# Source material:
********
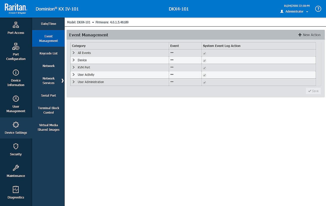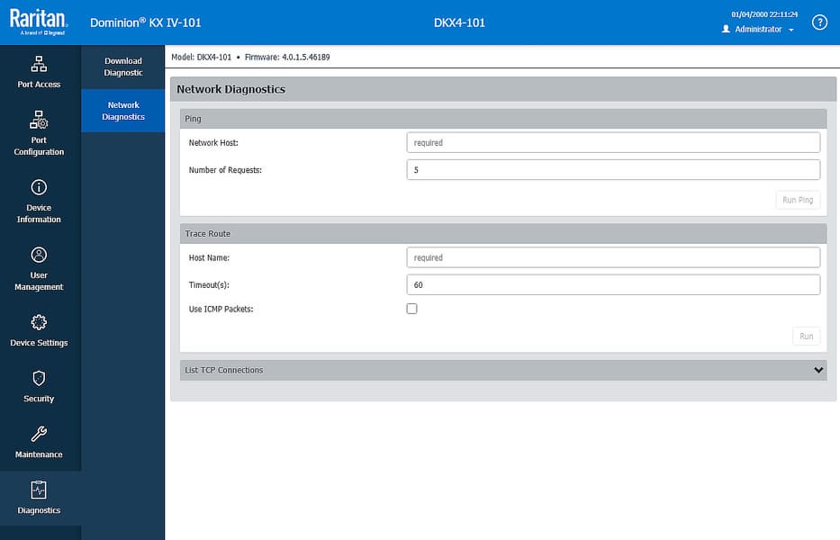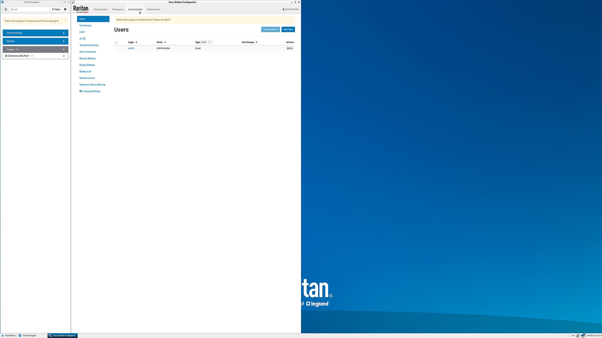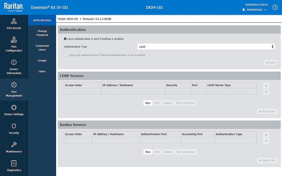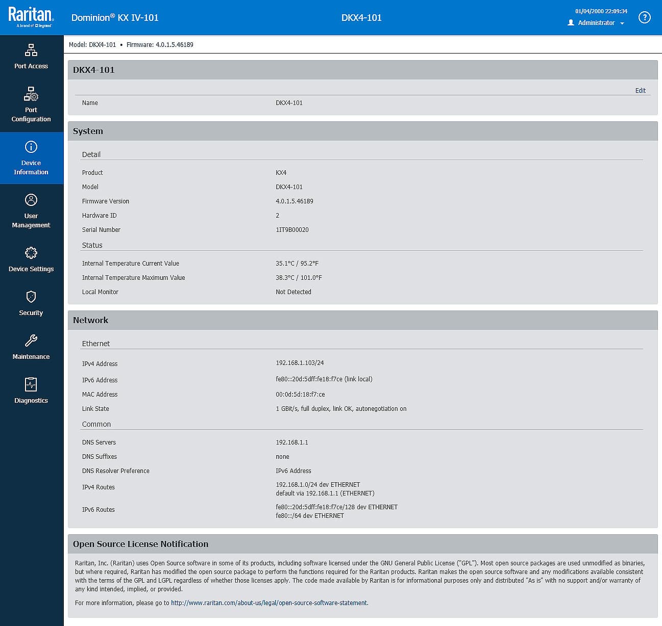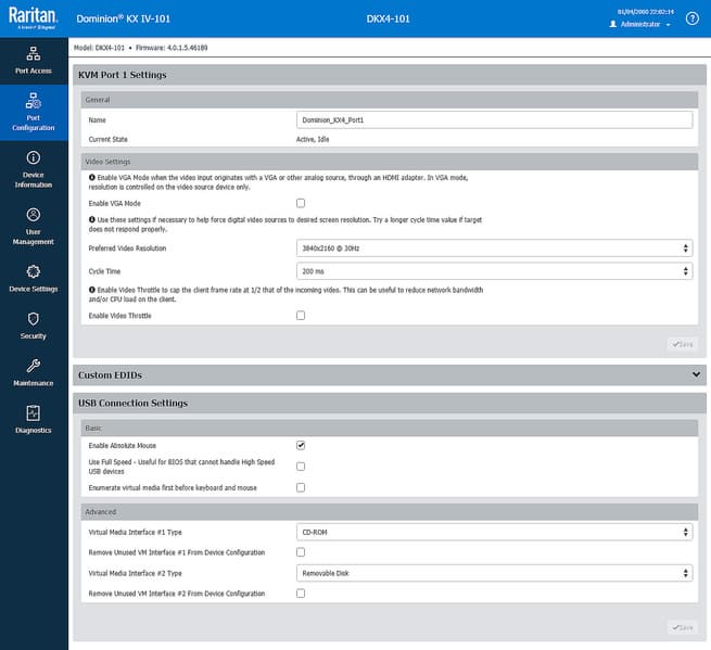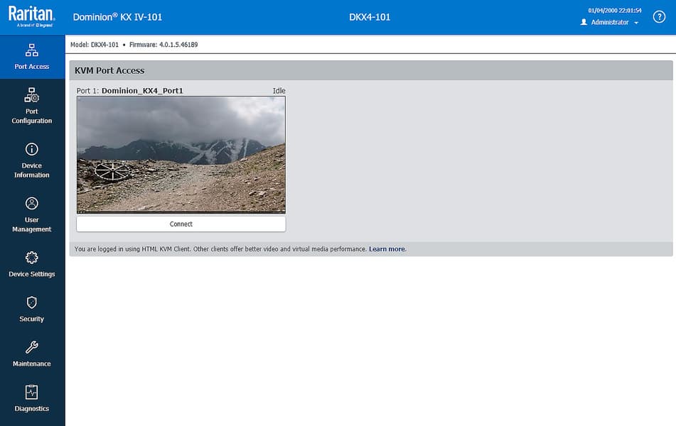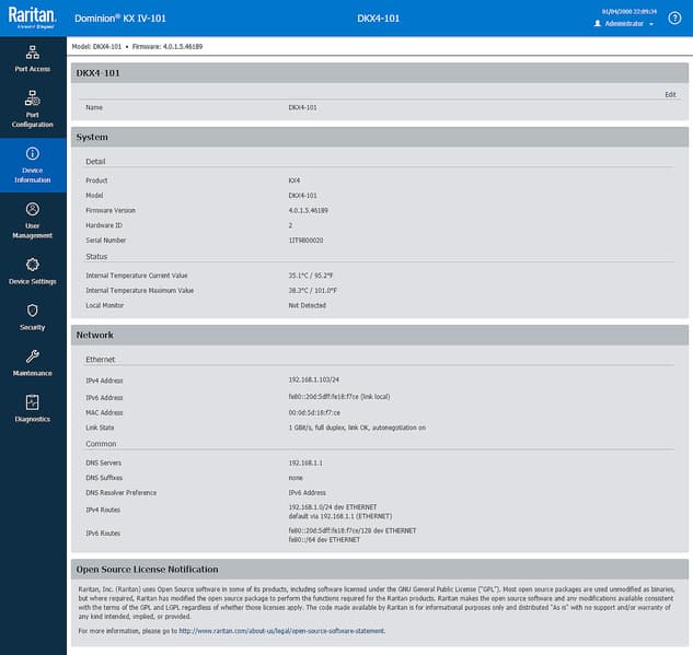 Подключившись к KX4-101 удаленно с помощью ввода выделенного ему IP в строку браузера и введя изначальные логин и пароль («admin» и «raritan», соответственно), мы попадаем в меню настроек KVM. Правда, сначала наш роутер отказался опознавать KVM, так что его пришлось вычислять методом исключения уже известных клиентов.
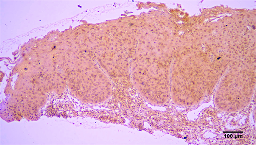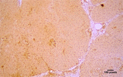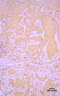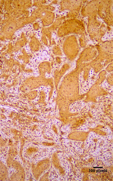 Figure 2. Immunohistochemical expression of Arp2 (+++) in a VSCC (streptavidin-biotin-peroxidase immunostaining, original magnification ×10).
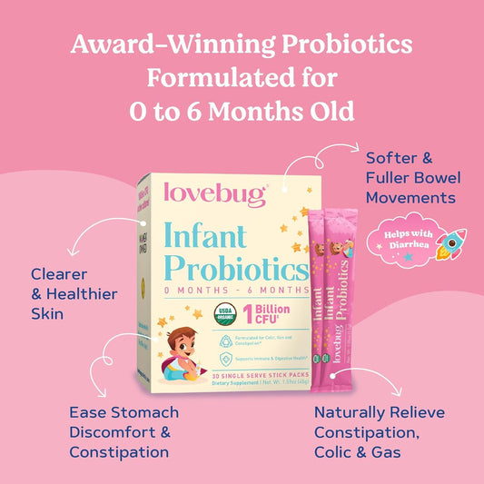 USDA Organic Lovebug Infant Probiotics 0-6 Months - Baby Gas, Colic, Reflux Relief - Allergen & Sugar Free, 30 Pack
********
# About this task:
All text in the material above must be written out exactly; the images are to be skipped.

# Answer for this exercise:
 Подключившись к KX4-101 удаленно с помощью ввода выделенного ему IP в строку браузера и введя изначальные логин и пароль («admin» и «raritan», соответственно), мы попадаем в меню настроек KVM. Правда, сначала наш роутер отказался опознавать KVM, так что его пришлось вычислять методом исключения уже известных клиентов.
 Figure 2. Immunohistochemical expression of Arp2 (+++) in a VSCC (streptavidin-biotin-peroxidase immunostaining, original magnification ×10).
 USDA Organic Lovebug Infant Probiotics 0-6 Months - Baby Gas, Colic, Reflux Relief - Allergen & Sugar Free, 30 Pack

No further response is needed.